General Allen, who was expected to fly through a pro-forma confirmation hearing on his appointment as the head of US forces in Europe on Thursday, is now caught up in the middle of it all, though it's hard to say precisely how with any certainty, with contradictory reports flooding from unnamed "officials" and "sources" to various DC-focused reporters. 

Last night, an unidentified "senior defense official" told reporters that Jill Kelley, a married Tampa Bay socialite who complained to an FBI acquaintance that she was receiving anonymous and threatening emails over her relationship with Gen. Petraeus, was linked in some way to Allen. Ms. Kelley's complaint led to the FBI probe that forced the public revelation of Petraeus' affair with Broadwell.

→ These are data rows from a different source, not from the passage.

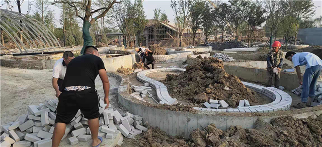 1、园路开挖及碎石回填、园区青瓦地面已经开始铺装;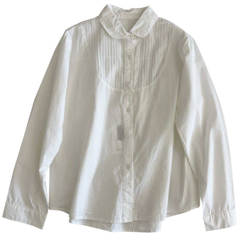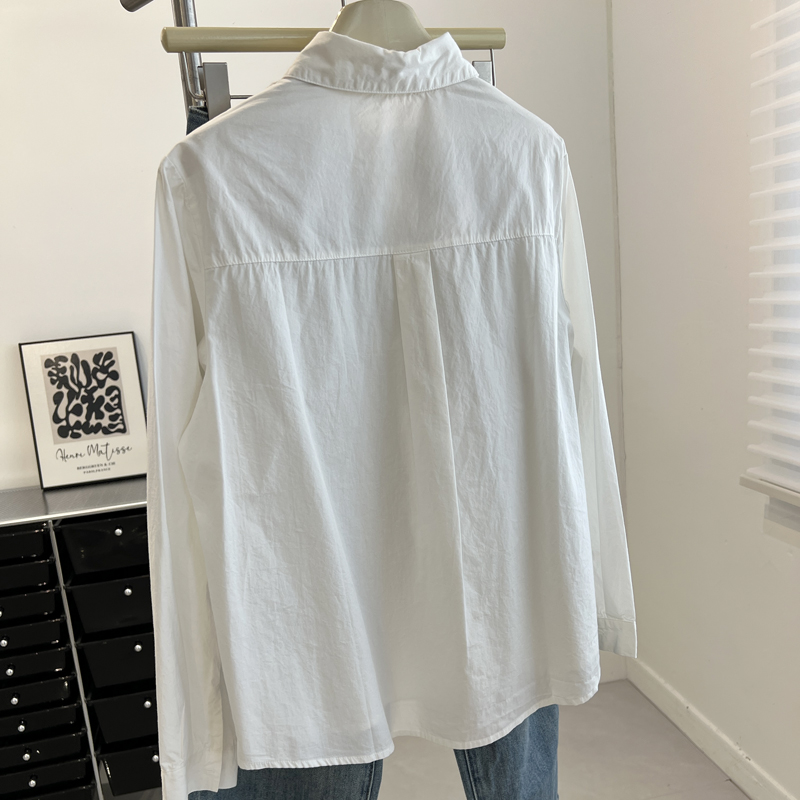 韩版隐条拼接设计感翻领白色长袖衬衫女春秋季百搭宽松气质衬衣潮
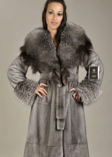 The hood and collar of the fur coat (namely, they are most often sewn from silver fox) are the most exposed places to wear fur clothing. On the silver fox with its long fluffy pile and motley coloring, spots, traces of cosmetics and various damages will not be so noticeable. Plus, this fur is much warmer than mink. Therefore, a mink coat with a silver fox is the best solution in severe frost and windy weather. But such a model looks just like a royal, and you need to wear it accordingly.
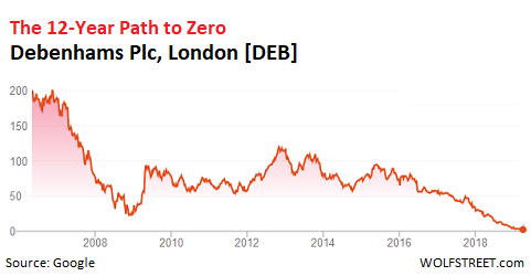 Shares of UK-based multinational department store Debenhams — with 165 stores in the UK and Ireland and with 58 franchise stores in 19 other countries — were suspended today after the company and its creditors turned down two last ditch rescue offers from discount retail group Sports Direct, which owns close to 30% of Debenhams’ stock. Debenham’s shares have collapsed spectacularly since they were floated on the stock market in 2006 by its then-private equity owners, Texas Pacific Group, CVC, and Merrill Lynch Private Equity: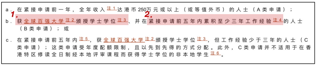 换句话说,香港人才引进更多吸引的人,还是这些顶尖大学毕业且至少有三年工作经验的人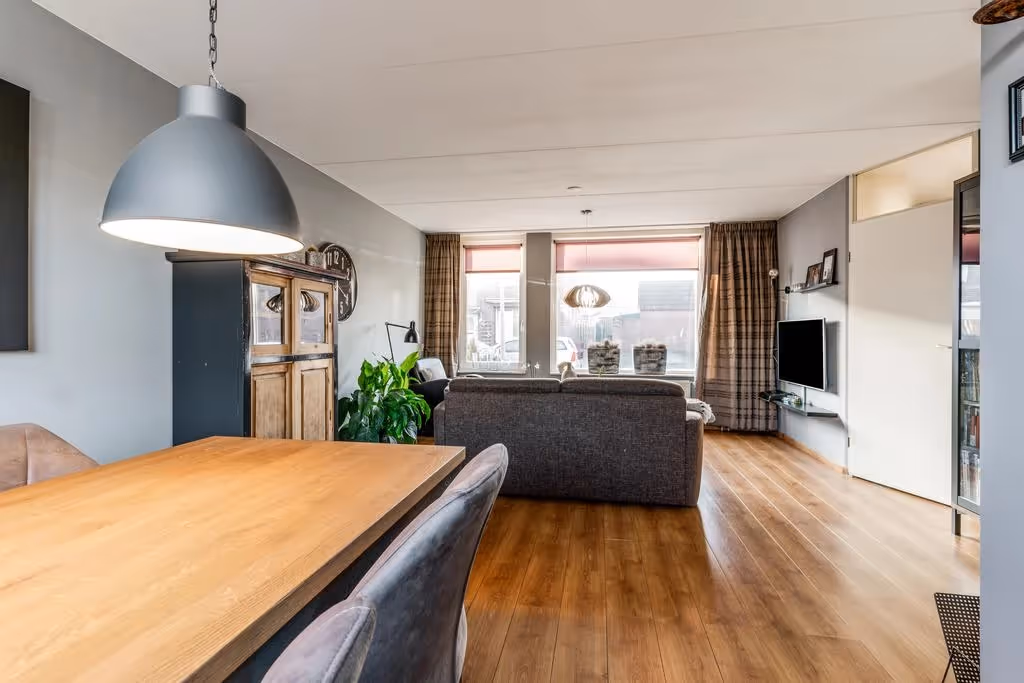 Entree in de hal met toilet, moderne meterkast en toegang tot de woonkamer. Deze sfeervolle woonkamer heeft een keurig niveau van afwerking, met onder ander een mooie vloer en strak gestucte wanden. Tevens is in de woonkamer een trapkast aanwezig, met extra bergruimte. De half open keuken ligt aan de achterzijde van de woning en heeft een keukenblok in hoekopstelling. Tenslotte beschikt de keuken over de volgende inbouwapparatuur: 4-pits gasfornuis, RVS wasemkap, koelkast, combi oven en vaatwasser.

What's the link to Allen? Well, The Washington Post originally reported that, according to the Pentagon official, "the FBI was looking at 20,000-30,000 pages of email between Allen and Kelley that contained "potentially inappropriate" content."

That claim has been partially walked back by the same reporter in a followup in the Post this morning, The Post now reports the original allegation as: "According to a senior U.S. defense official, the FBI has uncovered between 20,000 and 30,000 pages of documents — most of them e-mails — that contain “potentially inappropriate” communication between Allen and Jill Kelley."

The distinction might seem subtle, but it isn't. The first suggests 20,000 or more emails between the two, a staggering volume that's suggestive more of forwarding on floods of email from his inbox rather than personal communication. The second refers to 20,000 or more "documents" that might contain "inappropriate" email between Kelley and Allen. That is, any contact between the two, inappropriate or not, is a subset of a large number, not its entirety.

The Post also quotes another unnamed "senior" official who appears to take Allen's side in this confusing tale. According to the second anonymous source, Allen and Kelley exchanged “'a few hundred e-mails over a couple of years,'” beginning when Allen was the deputy commander at the Central Command, this senior official said. But “most of them were about routine stuff. 'He’s never been alone with her,' the senior official said. 'Did he have an affair? No.'"

What's going on here? Well, welcome to the "wilderness of mirrors," as legendary CIA counter-intelligence boss James Jesus Angleton once called the world of deception and counter-deception in intelligence. In this case, the wilderness is the happy hunting grounds of national security reporters and the anonymous sources who love them, with self-serving spin, efforts to undermine rivals, and leaks made by concerned whistle-blowers all echoing through the hills and valleys daily.

For those of us on the outside, great care should be taken in assessing each new "reveal." For the moment, Allen's appointment to Supreme Allied Commander Europe is on hold, and if it turns out his emails with Kelley were about more than charitable balls and base dances, he will never take up that post.

So what of it? The politics of this scandal will reverberate for months, and is particularly messy given that Petraeus was also originally due for questioning this week on the large CIA operation in Benghazi that was targeted by a militia on Sept. 11, leaving four US government employees dead. But has a blow been dealt to the US military or to its intelligence capabilities?

Probably not. For each general appointed to a high post, there are other candidates just as qualified who didn't get the job. As for the leadership of the CIA, Petraeus was far from indispensable there.

The Afghan war will continue to sputter along, and the debates over the role of the CIA in the government's drone assassination program abroad, which has been championed by President Obama, will continue. Much as they were with Petraeus and Allen in harness.